Thanks, it's quite interesting.
Well, I have some remarks.
I don't understand the lack of examples with the questions. Just four lines of code each time, then say whether you are actually talking about 40 lines or 15, so that we can have a visual representation of what you want us to think about, and can see which ‘lengths’ you imagine. It would give the questions much funnier while it's quite hard to remember of an experience of ugly code (well, I just clean it once, then it's become beautiful and I can work), or even imagine such an experience in my poor mind, for a newbie of collaborative projects like me.
For example, see this question: ‘Generally very_long_names_of_functions_or_variables in a unit of code make that code ...’ Reading this, I imagined a code with six lines having method calls (so very elementary results) with method names just as long as `very_long_names_of_functions_or_variables`, which quickly makes the code hard to reuse. A small example would help having a reference.

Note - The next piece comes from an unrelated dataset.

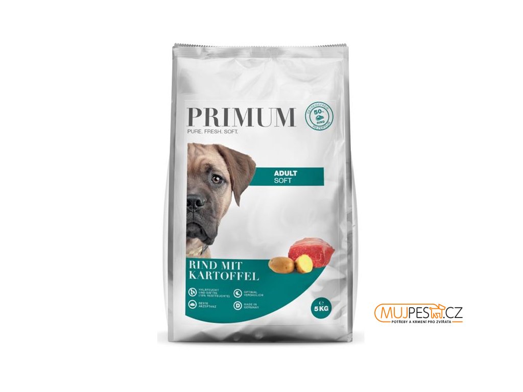Polovlhké granule Primum Adult Soft Beef obsahují čerstvé a sušené hovězí (50 %) jako jediný zdroj živočišných bílkovin a neobsahují žádné obiloviny. Ty jsou v receptuře nahrazené bramborami. Krmivo je díky tomu ideální pro dospělé psy všech plemen s citlivým zažíváním, potravinovou intolerancí nebo alergií. Kvalitní suroviny jsou vařeny pomalu a šetrně ve vlastní šťávě, díky čemuž si krmivo uchovává živiny, vysokou zbytkovou vlhkost a je vysoce chutné. Nutriční hodnotu krmiva zvyšují přidané byliny s řadou zdraví prospěšných účinků a chondroitin s glukosaminem pro podporu pohybového aparátu.

Other remark: I don't have anything of a diploma in philosophy or even a simple interest, but the meaning of the word ‘complex’ seems to be very central for completing the survey. But well, my first definition of a /complex/ code didn't sound interesting to me. To me, ‘complex’ qualifies abstract things. An algorithm or an architecture can be complex, just because it takes many things from the base language, has many components. For code used by developers, it's more… complex, you see! The interesting thing with this survey is the actual result, the influence of bad code on the productivity of developers; so how large is the need to explore code and the influence on motivation, when trying to add a feature, to reuse existing code. Then I had to formalize this definition to complete the survey. Anybody might be able to do it, however I think being a bit more concrete to participants, would be far more productive. Furthermore, maybe my definition is not strictly yours; maybe you're only focusing on readability and understanding (just as if you'd check that a source code does not include backdoors — do you?), rather than real hacking. Maybe you don’t mind? It would be weird…
So, I hope this makes sense. I got average results everywhere, except for comments that I absolutely don't mind about, from my personal experience.